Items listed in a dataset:
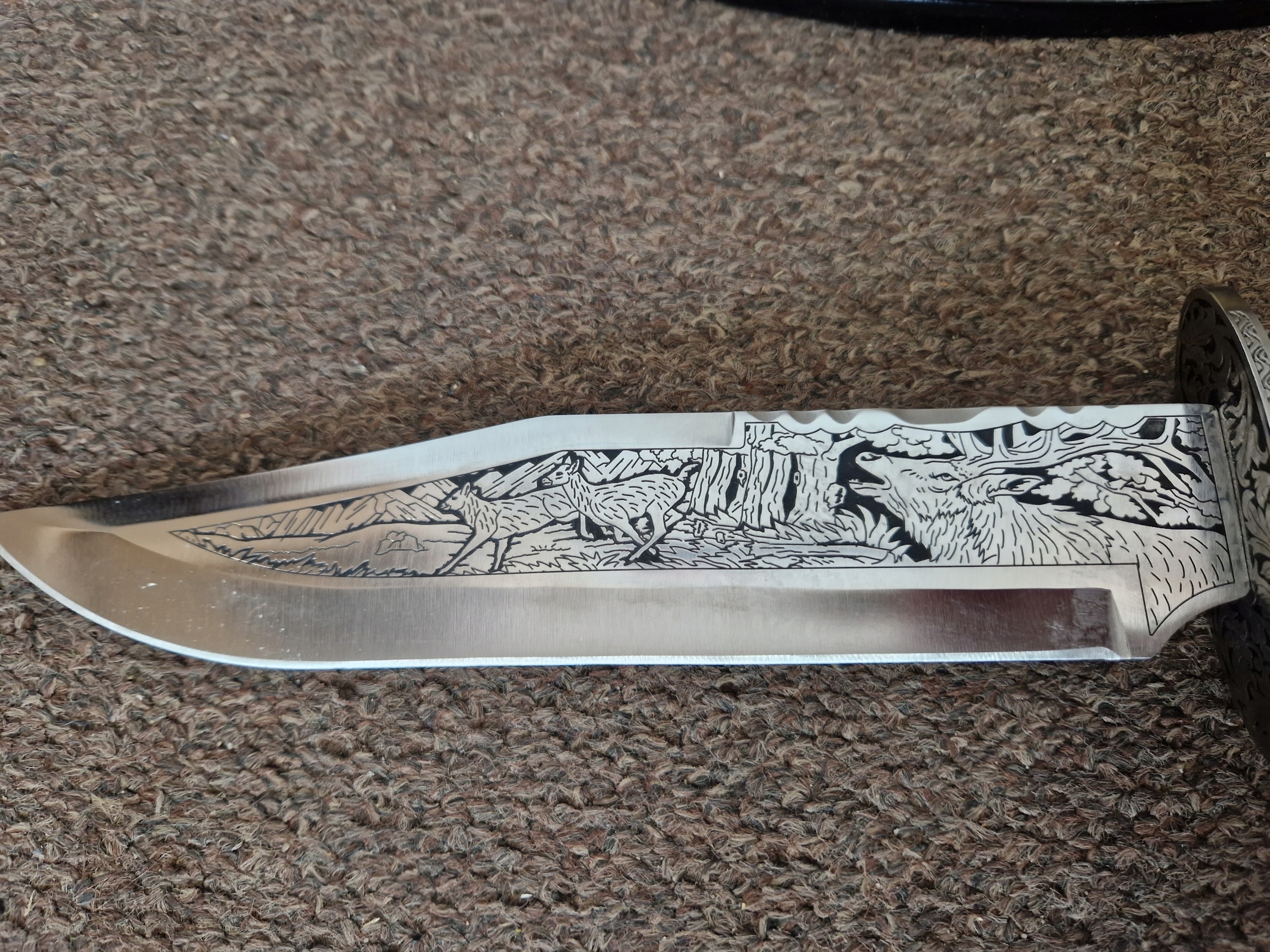 Гравировка на клинке: двусторонняя - растительные и животные мотивы - олень
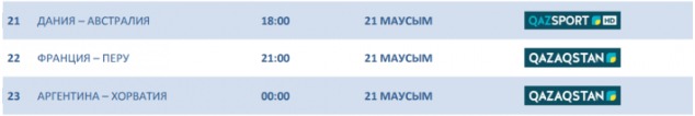 В 18.00 по времени Астаны в Самаре состоится матч группы С между сборными Дании и Австралии. Эту встречу в прямом эфире покажет телеканал QazSport. Онлайн-трансляция.
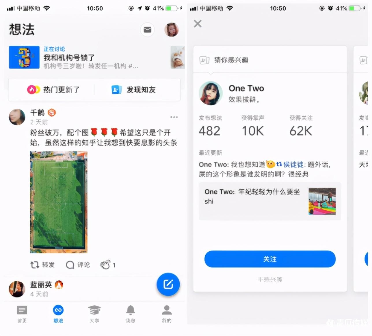 ①通过提供更丰富的内容去留存用户、提供一些专业的大咖给应关注丰富用户的知识面以提升粘度(UGC为主,基本以文字、图片、音频、视频的形式传播干货或资讯);
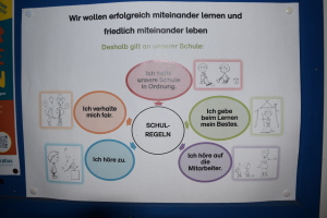 Schulregeln unterstützen das Zusammenleben in der Schule. Sie geben Transparenz und Sicherheit und helfen, Konflikte zu vermeiden. Alle Mitarbeiter*innen der Hartmannschule haben sich auf 5 Regeln festgelegt. Sie gelten im Unterricht und auch in der Betreuungszeit. Die fünf Regeln lauten:
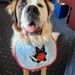 I can make to order, these bibs are about 15in drop with a 19inch to 27 inch neck, I can make this smaller or larger just leave a message at checkout , if you have a certain saying or dog you would like or even a pets name please let me know and I can do that for you x
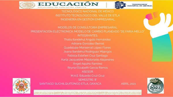 TECNOLÓGICO NACIONAL DE MÉXICO INSTITUTO TECNOLÓGICO DEL VALLE DE ETLA INGENIERÍA EN GESTIÓN EMPRESARIAL. MODELOS DE CONSULTORÍA EMPRESARIAL PRESENTACIÓN ELECTRONICA: MODELO DE CAMBIO PLANEADO "DE FARIA MELLO" INTEGRANTES: Thalía Itandehui Angulo Hernández Adriana González Bernal Guadalupe Monserrat López Flores Joana Itandehui Rodríguez Mijangos Fabiola Estefani Cruz Santiago Karla Jacqueline Maldonado Alejandres Ángel Aquino Ramírez Reyna Elizabeth García Ramos ASESOR: M.A.E. Eduardo Cruz Cruz SEMESTRE: 8° SANTIAGO SUCHILQUITONGO ETLA, OAXACA ABRIL 2021

_WHAT THE TASK ASKS_
Begin at the first line of the records and please reproduce every line exactly through the one containing "Schulregeln unterstützen das", leaving all pictures out.

_FINISHED EXERCISE_
 Гравировка на клинке: двусторонняя - растительные и животные мотивы - олень
 В 18.00 по времени Астаны в Самаре состоится матч группы С между сборными Дании и Австралии. Эту встречу в прямом эфире покажет телеканал QazSport. Онлайн-трансляция.
 ①通过提供更丰富的内容去留存用户、提供一些专业的大咖给应关注丰富用户的知识面以提升粘度(UGC为主,基本以文字、图片、音频、视频的形式传播干货或资讯);
 Schulregeln unterstützen das Zusammenleben in der Schule. Sie geben Transparenz und Sicherheit und helfen, Konflikte zu vermeiden. Alle Mitarbeiter*innen der Hartmannschule haben sich auf 5 Regeln festgelegt. Sie gelten im Unterricht und auch in der Betreuungszeit. Die fünf Regeln lauten:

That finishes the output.